送秋在京城玩鱼界成名很早。民间人物出名与宣传将人“宣”出名不同,除了要有过硬的手艺、要有让同好自愧不如的真功夫,还必须要有众口皆碑的好人缘。送秋属于人缘天生就好的那种人,用现在的话说就是情商高,生来就善于与人相处。除去先天情商高,后天的遭遇也有助于他的成熟:自幼丧父,十六岁那年母亲患乳腺癌也走了,从此无依无靠孑然一身。不幸的身世和人情冷暖过早教会他应该如何与人相处——这世上的人谁都不傻,没有真心换不来实意、没有实诚换不来憨厚;你若待人不真诚、不友善,非亲非故不会有人因为你的不幸格外怜悯你,你只能用你的掏心窝子换来别人的掏心窝子,用别人回报的温暖和帮助弥补自身孤立于世的无助。
人缘好的人都有一共同特点:手松。平日哥儿几个一块儿出去,不管是去饭馆还是其它需要花钱的地方,他总是抢在别人之前埋单;有人赶上事儿急需用钱,他就主动把钱递上,实在还不上他也不追着屁股要;闲聊时听谁无意中说最近馋哪种鱼,他就特意去弄,即使是几十斤重的大鱼,也是说送人就送人。
玩鱼老手都知道,钓鱼的关键不在饵,而在诱——只有先把鱼群诱来,聚在窝子里,才能像行话说的那样一尾接一尾地“连竿子”。诱饵的关键是香料,最好的香料在酿酒厂和糕点厂里。送秋不认识厂里的人,可身边有人认识,而且愿意费劲巴拉淘换到手再转手送给送秋。锚鱼的关键在眼,眼要毒,别人看不见你能看见、别人贼不到你能贼到。

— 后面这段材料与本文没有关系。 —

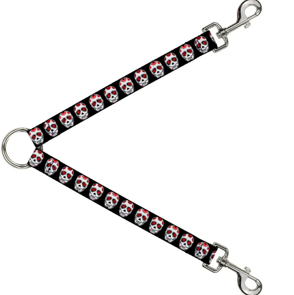 Dog Leash Splitter – Sugar Skulls Black/White/Red
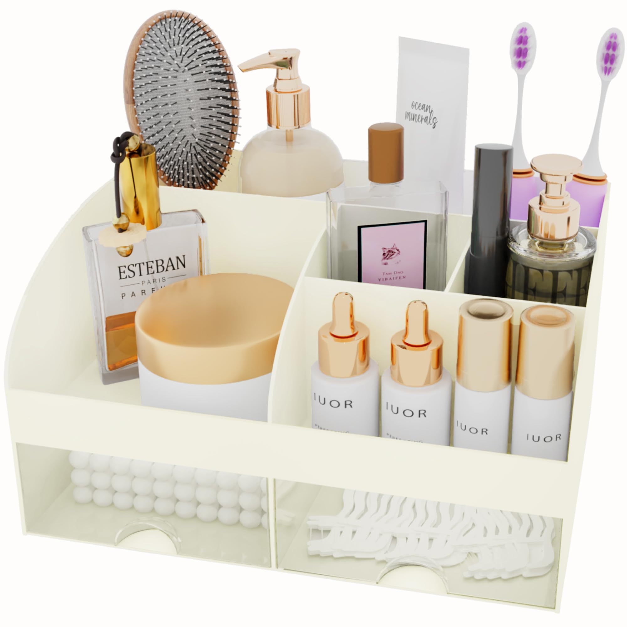 Multiple Storage Spaces: Small body with large capacity, great cosmetic storage countertop assistant contains 6 Sections and 2 drawers, different compartments allow you to place items according to your needs, transparent drawers allow you to quickly find what you need, easy to place and take, the perfect match can let you all the makeup accessories are neatly stored
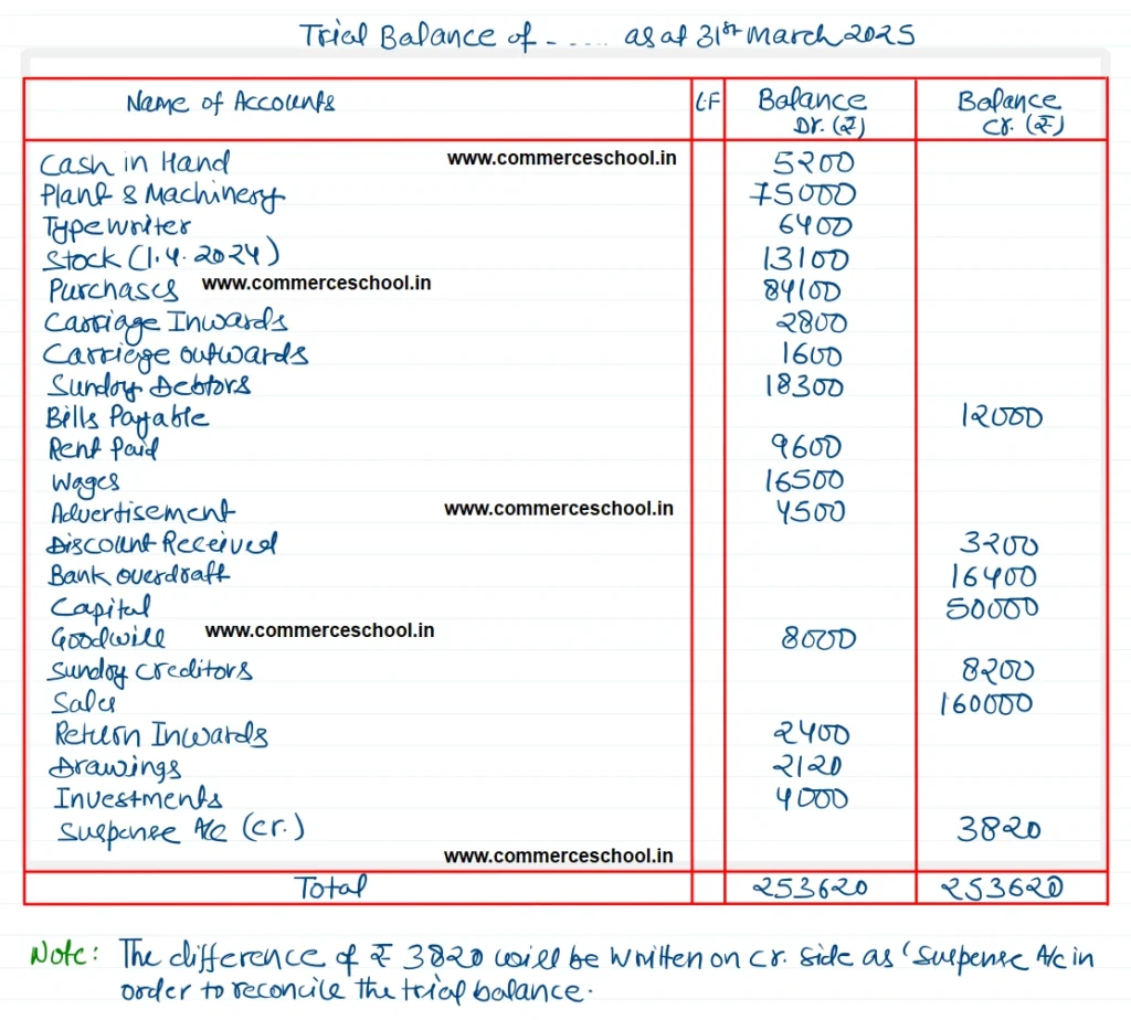 Therefore, in order to reconcile the Trial Balance ₹ 3,820 will be written on Cr. side as ‘Suspense Account’.]
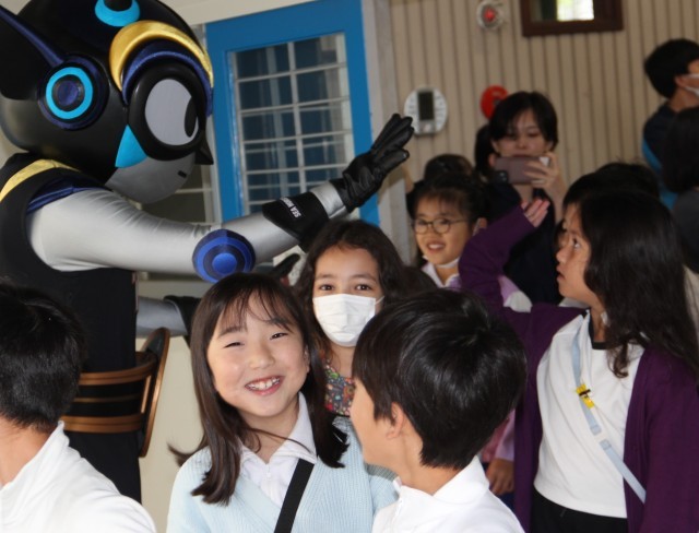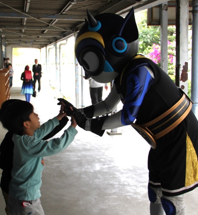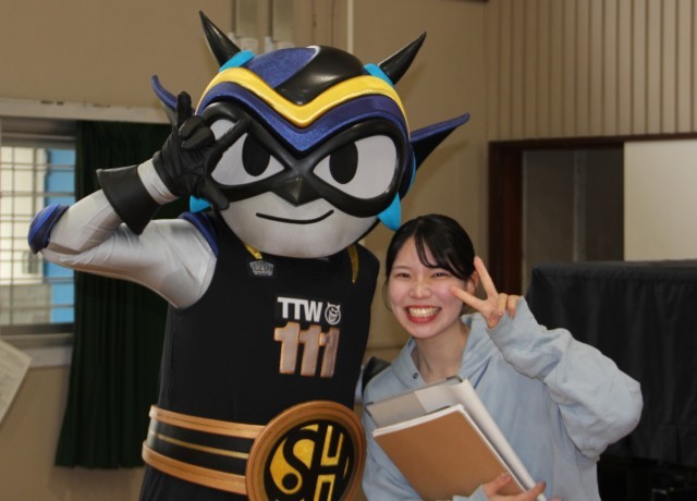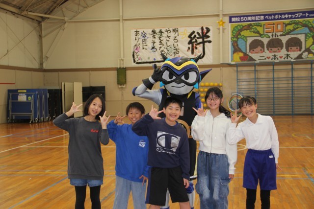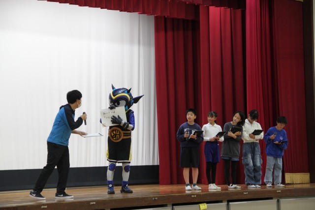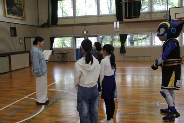 プロバスケットボールチーム「シーホース三河」の所属タレント「タツヲ」が、二本木小学校に来てくれました。

可你的眼神再好、眼睛再毒,也只有一双眼,比不了湖边众多人的眼。平日湖边不玩鱼的街坊发现了可锚的鱼,第一个想要告诉的人是送秋,即使去找送秋的路上遇到其他锚鱼人拎着梆竿子正在找鱼,也要绕过这人舍近求远把消息告诉送秋……
送秋因为玩鱼手艺比别人高出一大截儿,再加上人缘好,于是经常有人拎着烟酒、茶叶登门要求拜师学艺。送秋每次迎来要求拜师的人,每次都是兜头一瓢凉水泼上去:“一般玩玩可以,但别尽心学,我劝你从一开始就别学,最好从根儿上就不要沾!”
要求拜师的都是已经走火入魔的人,心气都高到嗓子眼儿,自然不理解,眨着眼睛问:“为什么呀?”

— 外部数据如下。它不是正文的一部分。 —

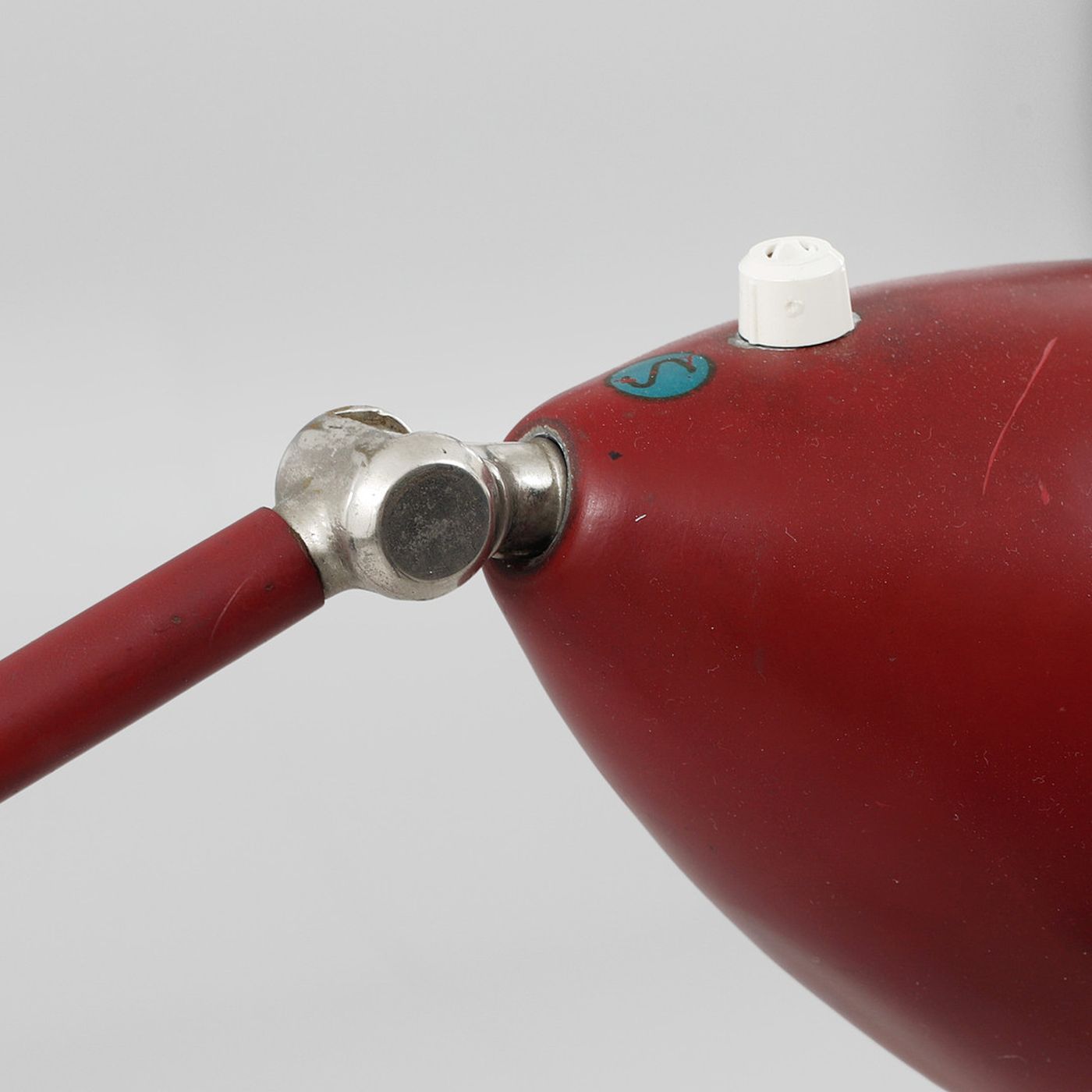 Over decades, vintage lamps develop a natural patina with minor wear, subtle rusting, or chipping on the powder-coated steel or aluminum. Reproductions, in contrast, have flawless surfaces with no signs of aging.
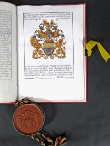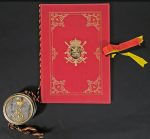 Bruxelles, 30 juillet 1934. In-f° : [4] ff., 35 x 24,5 cm, sur peau de vélin protégé de serpente, texte en français et néerlandais sur 2 col., armoiries peintes signées L. Diekmann (15 x 13,5 cm). Rel. de l'époque : pleine percaline chagrinée rouge, plat sup. cerné de filets, grands écoinçons, fleurons sur les côtés et armoiries de la Belgique frappées or au centre avec blason rehaussé de noir, plat inf. cerné d'un filet doré, chiffre couronné doré au centre, dos lisse, doublures de papier moiré blanc, cordons de soie tricolore reliées au sceau pendant en cire rouge (diam. 10 cm), sous boîtier en métal argenté et doré au chiffre de Léopold III, rubans de fermeture aux couleurs nationales, couv. cons. Sous coffret en percaline noire doublée de velours violet (percaline frottée, fermoirs lég. rouillés).
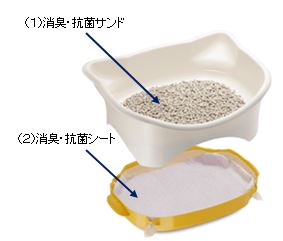 (1)約1ヶ月交換不要※3の「消臭・抗菌サンド」は、オシッコを素早く下層に通過させ、ミクロの穴でニオイを吸着
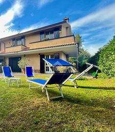 Nella frazione di Ferie, proponiamo in vendita un'abitazione di 131mq disposta su due livelli, ideale per chi cerca spazio e comfort. Al piano terra l'immobile offre una sala accogliente con camino, una cucina abitabile, un bagno ed una lavanderia, garantendo funzionalità e praticità. Salendo al primo piano, troviamo un ampio e luminoso soggiorno anch'esso con camino e balcone, una camera matrimoniale con accesso diretto ad un altro balcone, una cameretta ed un bagno. L'ampio giardino esterno di 450mq rappresenta un valore aggiunto, perfetto per momenti di relax all'aria aperta. Completano la proprietà un box doppio ed una cantina. Questa soluzione abitativa è perfetta per chi desidera vivere in un contesto tranquillo senza rinunciare a spazi generosi.
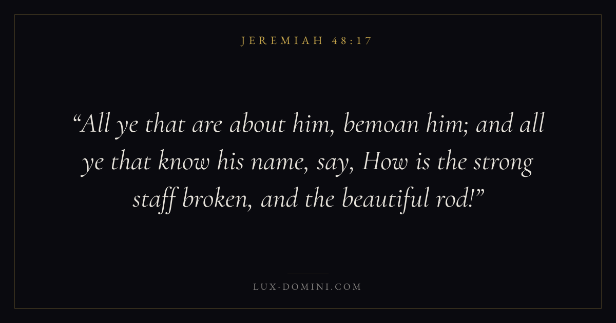 All ye that are about him, bemoan him; and all ye that know his name, say, How is the strong staff broken, and the beautiful rod!
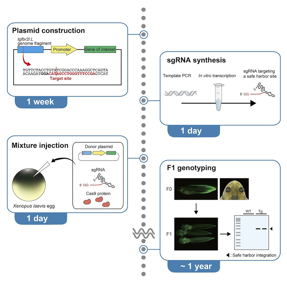 Figure 1. Schematic comparison of the principle of transgenesis using REMI, I-SceI, and NEXTrans methodsTransgenic plasmids are randomly incorporated at multiple loci in the Xenopus laevis genome by the restriction enzyme-mediated integration (REMI)2 and meganuclease (I-SceI)-mediated3 transgenesis methods, whereas the NEXTrans plasmid with CRISPR-Cas9 is integrated into a novel safe harbor site, the tgfbr2l locus. |
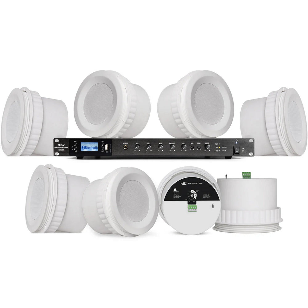 Pure Resonance Audio Office Ceiling Sound System with 8 C5 Ceiling Speakers and RMA120BT 120W Bluetooth Mixer Amplifier
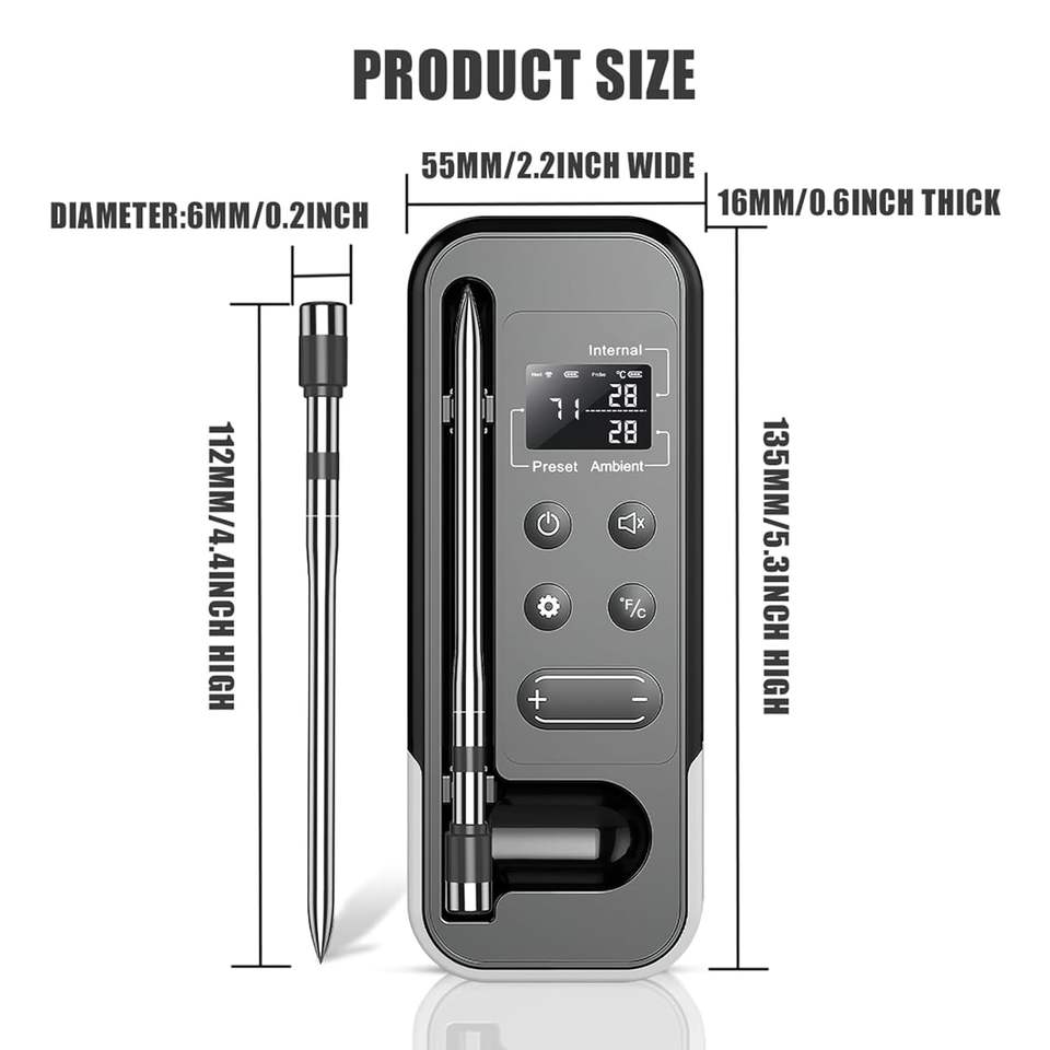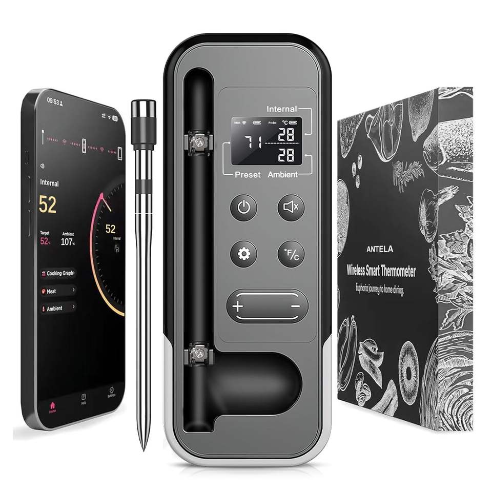 Antela Wireless Meat Thermometer Bluetooth LCD Display App Control IP67 Waterproof Cooking Tool

“因为玩鱼就像吸毒,从根儿上就不能沾,一旦沾上就终身难戒,从此眼里就只有鱼,对其它事不管不顾,耽误很多正经事儿!”
“这也忒邪乎了吧,哪有这么夸张?!”刚刚得病的人哪里知道病入膏肓的厉害,继续懵圈儿。
“这么跟你说你就懂了,现如今有人吸粉你不会不知道吧?!戒毒有多难你也不会不知道吧?!可咱后海的‘二把刀’吸了那么多年的粉儿,却因后来迷上玩鱼彻底戒断了毒瘾,由此你就知道玩鱼的瘾究竟有多大!还有,咱带把儿的都有一致命弱点,可你要把去‘发廊’、还是去钓鱼这两样摆在玩鱼人面前让他挑选,我敢保证:一百个玩鱼人里有九十九个会选钓鱼,不会选到发廊去嫖娼!”
那时送秋已领教“瘾”字的厉害,知道这个“瘾”一旦与对应的性格交媾,必然会结出令人苦恼的果,所以不愿让后来者重蹈覆辙。

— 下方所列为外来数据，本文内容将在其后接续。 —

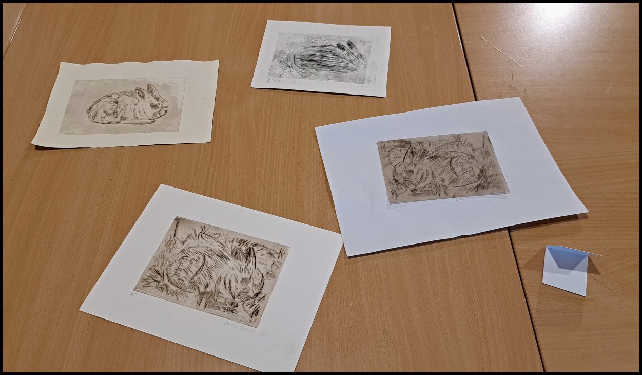Poté následovala část praktická, kde jsme se přesunuli do dílny. Všichni jsme si vyryli obrázek králíka na fólii, pokryli jsme ho tenkou vrstvou barvy a obtiskli jsme ho na navlhčený papír pomocí lisu. Po skončení prohlídky jsme navštívili Vánoční trhy na Staroměstském náměstí, odkud jsme se potom vydali na nádraží Smíchov a zpět do Plzně.
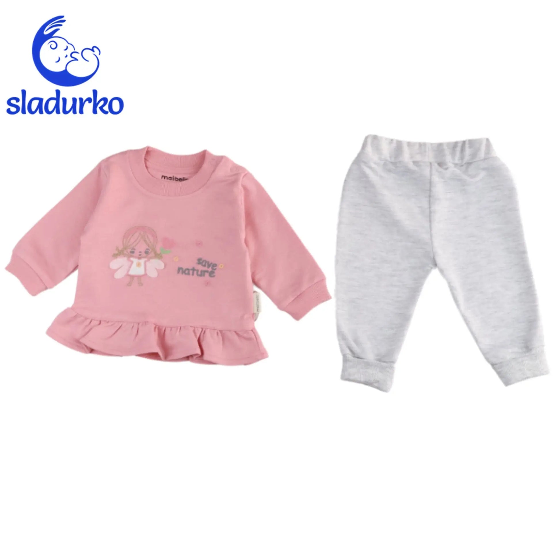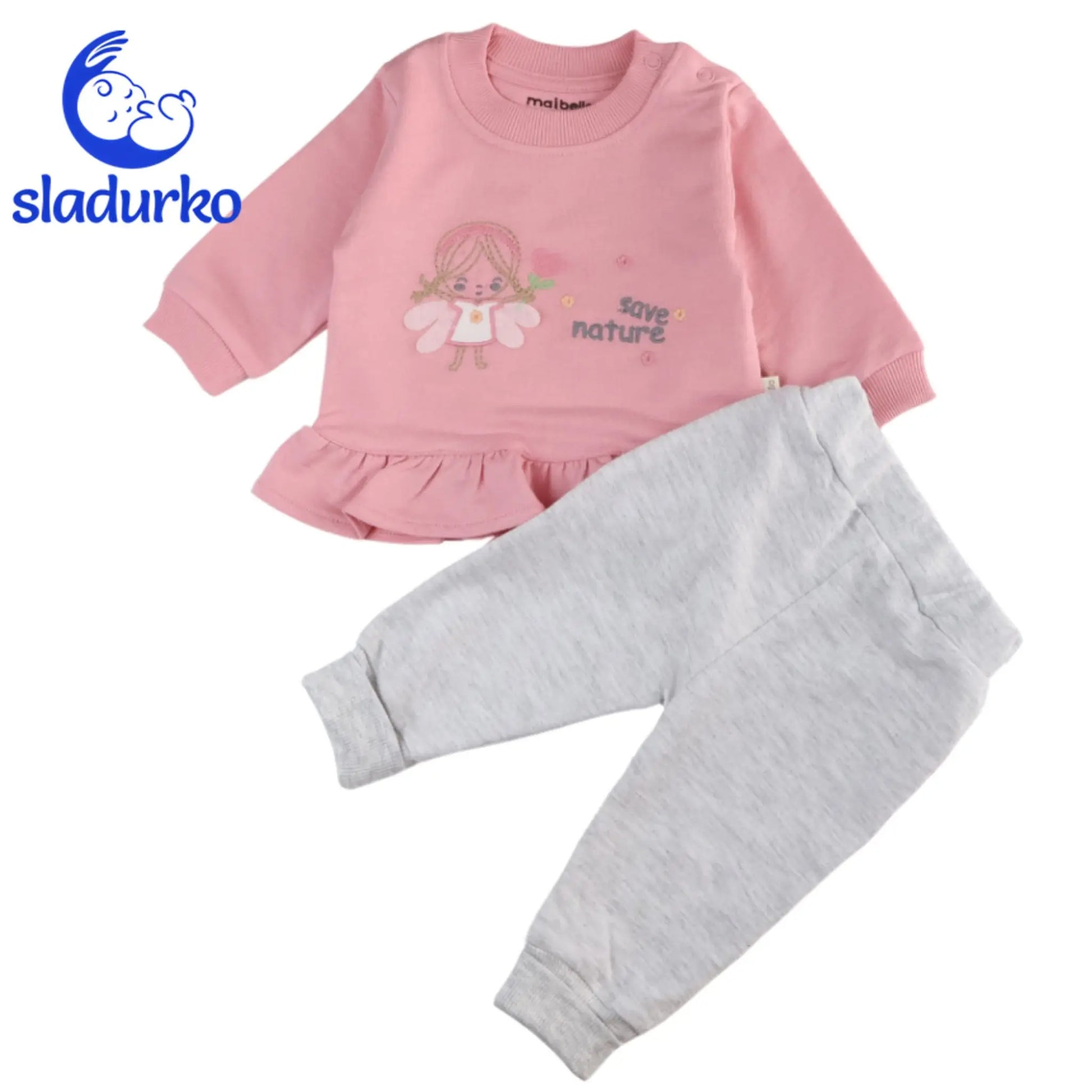 Комплектът включва блузка с дълъг ръкав и панталонки. Двуцветен комплект за момиче от две части тъмно розов.Този очарователен комплект от две части е идеалният избор за всяко момиченце, което обича да се облича стилно и комфортно. Мека и приятна на допир блузка, изработена от висококачествена материя, която гарантира комфорт през целия ден. На предната част на блузката има сладка апликация , която придава игрив и забавен вид на облеклото. Удобни панталонки, които осигуряват свобода на движение и са перфектно допълнение към блузката. Те са с еластична талия за лесно обличане и събличане, като също така допълват тематиката. Този комплект съчетава функционалност и сладък дизайн, като предоставя комфорт и стил за вашето момиченце. Апликацията добавя уникален и забавен акцент, който ще зарадва всяко дете. Комплектът е подходящ както за ежедневни разходки и игри. Произход Турция. Цветовете могат да се различават в заввисимост от настройките на вашето устройство.

送秋每年四月至五月受雇京郊养鱼户承包的鱼塘清除黑鱼,走村串乡一个鱼塘接着一个鱼塘清理,整整一个月吃住都在不同的养鱼户家里。
黑鱼混杂在养鱼户承包的鱼塘里,吞吃鱼苗很厉害,每年投放鱼苗前必须清除干净,不然会造成大量减产,严重影响秋后收入。鱼塘不是人工挖掘的长方形鱼坑,而是自然形成的不规则水域。不光外形不规则,水下还有各种水草,无法用渔网打捞,因此养鱼户对它们很头疼。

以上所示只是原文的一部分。